Latest News Tue, Jan 16, 2024 8:05 AM
Up to 11.9 million sq ft of office stock due to be released to central London’s market by the end of 2027 has an EPC lower than C – or categorised as energy inefficient – according to new research by CBRE UK.
CBRE estimates around 15.9 million sq ft of Central London office space will be released back into the market by the end of 2027 due to upcoming large lease expiry events.
EPC data is available for around 80% of this stock or 12.6 million sq ft. Of this, only 6% is classified as energy efficient with an EPC of A or B while 94% (11.9 million sq ft) has an EPC lower than C, and is therefore categorised as energy inefficient based on Sustainable Finance Disclosure Regulation definitions.

Using proprietary retrofit data, the real estate advisor predicts the cost of upgrading this stock to energy efficient standards could be up to £370 million.
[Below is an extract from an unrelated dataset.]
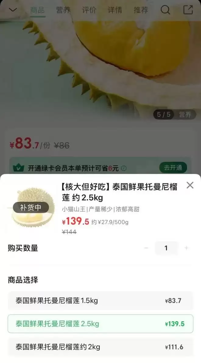 叮咚买菜APP上,泰国鲜果托曼尼榴莲售价约每斤27.9元,其中2kg和2.5kg规格同样显示“补货中”。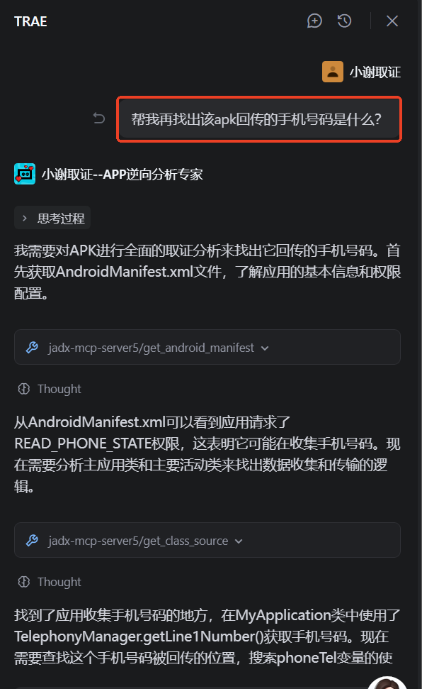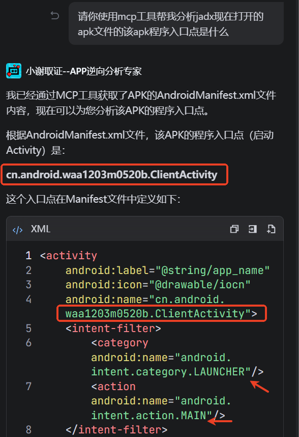 我们使用自然语言"请你使用mcp工具帮我分析jadx现在打开的apk文件的该apk程序入口点是什么"跟Trae进行交互

This sum does not include unrelated building improvements, and equates to around 9% of this stock’s estimated capital value.
CBRE’s analysis, based on trends from its new Sustainability index, indicates that if the 11.9m sq ft is not upgraded to higher energy efficiency standards it will experience a sharp fall in capital value. In contrast, we expect upgraded stock to have more resilient capital values. CBRE predicts the £370 million of capital expenditure for upgrading the stock could be offset by more resilient capital values within three years.
Sam Carson, Head of Sustainability Valuation and Advisory Services at CBRE UK said the main reason for this surprisingly short ‘payback period’ is the rapid erosion of value for inefficient assets.
“Even though building upgrades may not immediately pay for themselves in terms of operational savings, it’s likely that on average the renewed occupier and investor interest they bring will result in a stronger investment performance that quickly outweighs upgrade costs,” he continued.
“This was evidenced in our recent Sustainability Index report. However, we do acknowledge there will be cases where upgrade costs are unlikely to be recouped and repurposing to other uses may be preferable.”
CBRE’s new Sustainability Index, released in November 2023, found energy-efficient office assets recorded stronger investment performance compared to inefficient office assets over the period from Q1 2021 to Q2 2023, with annualised total returns at -1.4% compared to -4.6% for inefficient offices.
Toby Radcliffe, Sustainability Research lead, at CBRE UK added that improving the energy efficiency of Central London’s stock would be a key step towards addressing the supply and demand imbalance for high quality space. “CBRE’s new Sustainability Index, released in November 2023, found energy-efficient office assets recorded stronger investment performance compared to inefficient office assets over the period from Q1 2021 to Q2 2023, with annualised total returns at -1.4% compared to -4.6% for inefficient offices,” he explained.